春の嵐が生む強風も、森の木々が遮ってくれるだろう。
氷河は そう考えて、馬の足を森の中に向けたのである。
もっとも、やがて降り出した雨の音に雷鳴が混じり始めると、高い樹木の多い森の中に入ったのは誤りだったかと、氷河は後悔することになったのだが。

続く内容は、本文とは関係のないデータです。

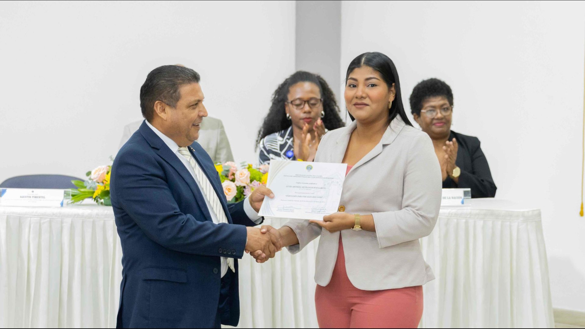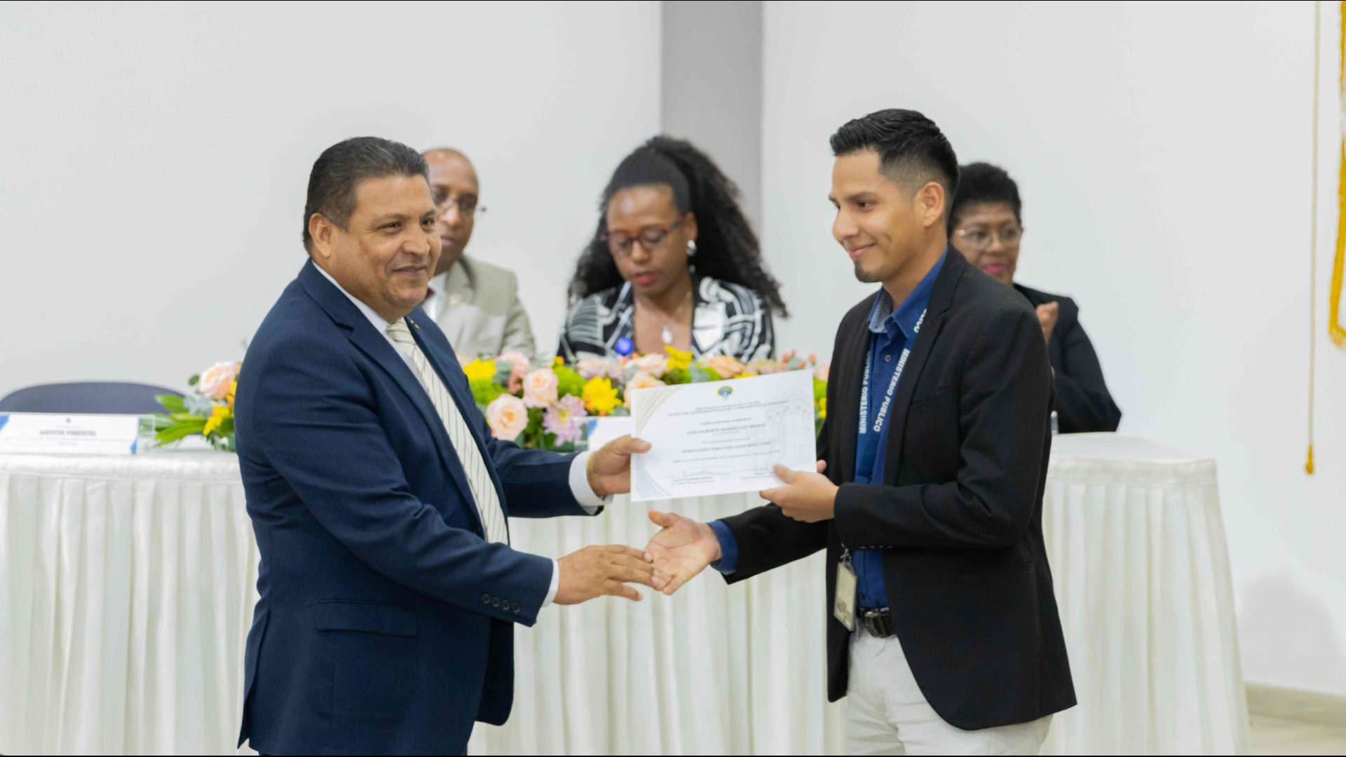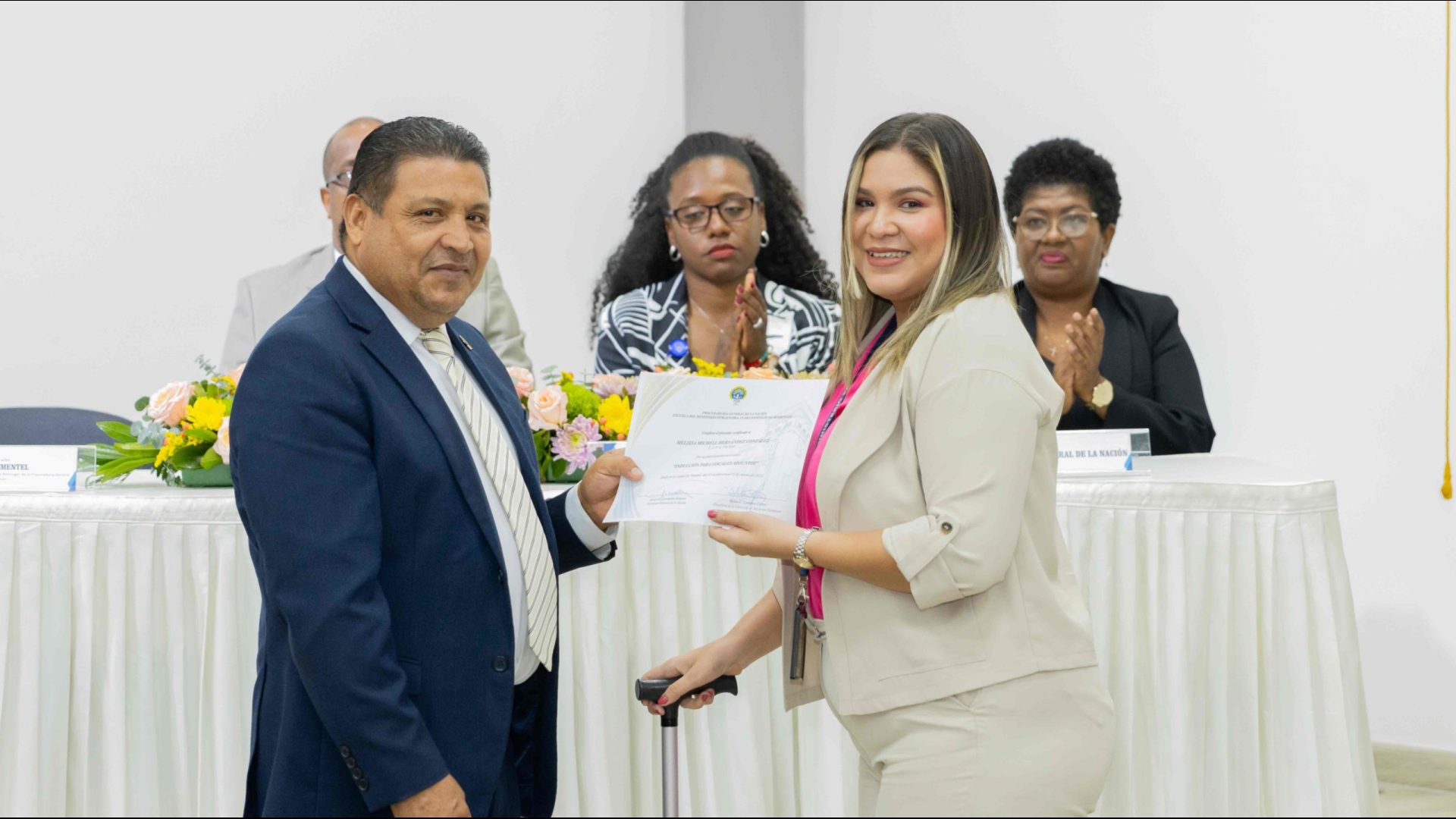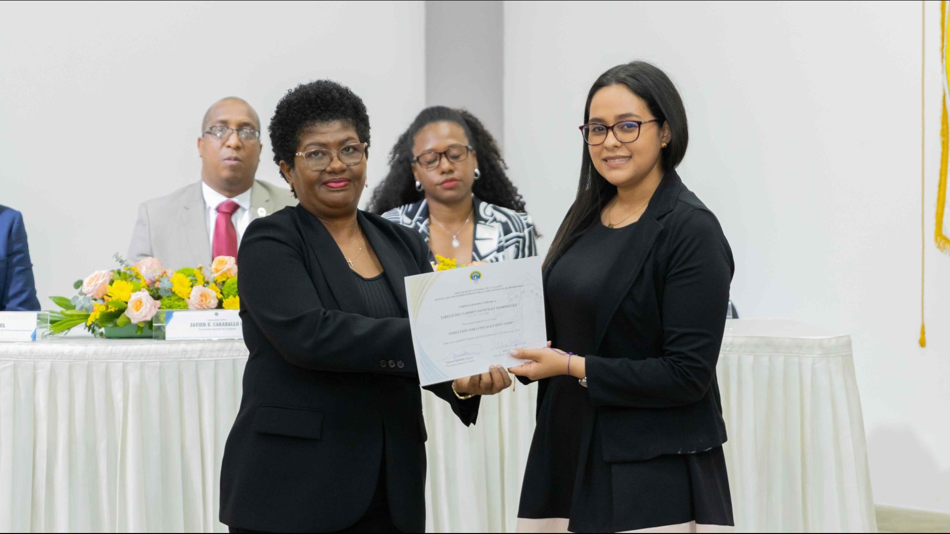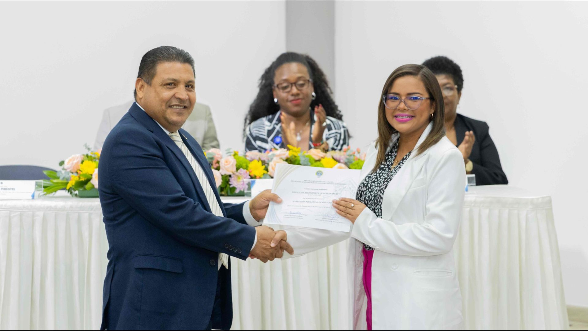 El Procurador General de la Nación, Javier Enrique Caraballo Salazar, destacó que estos fiscales han sido nombrados luego de pasar por un riguroso periodo de selección, luego de llegar a la institución mediante un concurso abierto donde se les sometió a diversos exámenes de conocimiento, se les dio capacitaciones, un curso de inducción, una pasantía y un examen de inducción y reciben su certificado que los acredita como idóneos para ser Fiscales Adjuntos y les reconoce una plaza de trabajo a los que pasaron con mejor puntaje.

とはいえ、氷河は、過ぎたことを くよくよ思い悩むことが性格的にできない男だったので、すぐに気持ちを切り替え、さっさと この森を抜け出ることの方に意識を向き直らせたのである。
にもかかわらず、まもなく氷河が馬の足を止めることになったのは、森の中で最も高い楠木の根方に、一つの小さな人影を認めたから。
硬く太い幹に身体を預けるように もたせかけ、枝葉から 滴り落ちる雨の雫に肩や髪を濡らし、気落ちしたように顔を伏せて佇んでいる細身の少年。
複雑な意匠の刺繍が施された濃紺のビロードの上着、その上着の襟や袖から覗くブラウスは絹。
今は雨で濡れそぼり泥で汚れていたが、その着衣は 彼が裕福な貴族の家の子弟であることを 氷河に容易に推察させるものだった。

その上、彼は腰には騎士の証である剣をいていた。
どう見ても10代半ばの華奢な肢体の持ち主が、馬上槍試合トーナメントでの勝利や 何らかの戦闘行為での手柄で騎士としての叙任を受けたとは考えられず、となれば彼の騎士の称号は 生まれついての身分の証として与えられた装飾品のようなものなのだろう。
つまり、彼はおそらく、騎士としての力量や技術はないが、生まれがよすぎたために騎士の称号を得ずにいることが許されなかった貴族の子弟――ということになる。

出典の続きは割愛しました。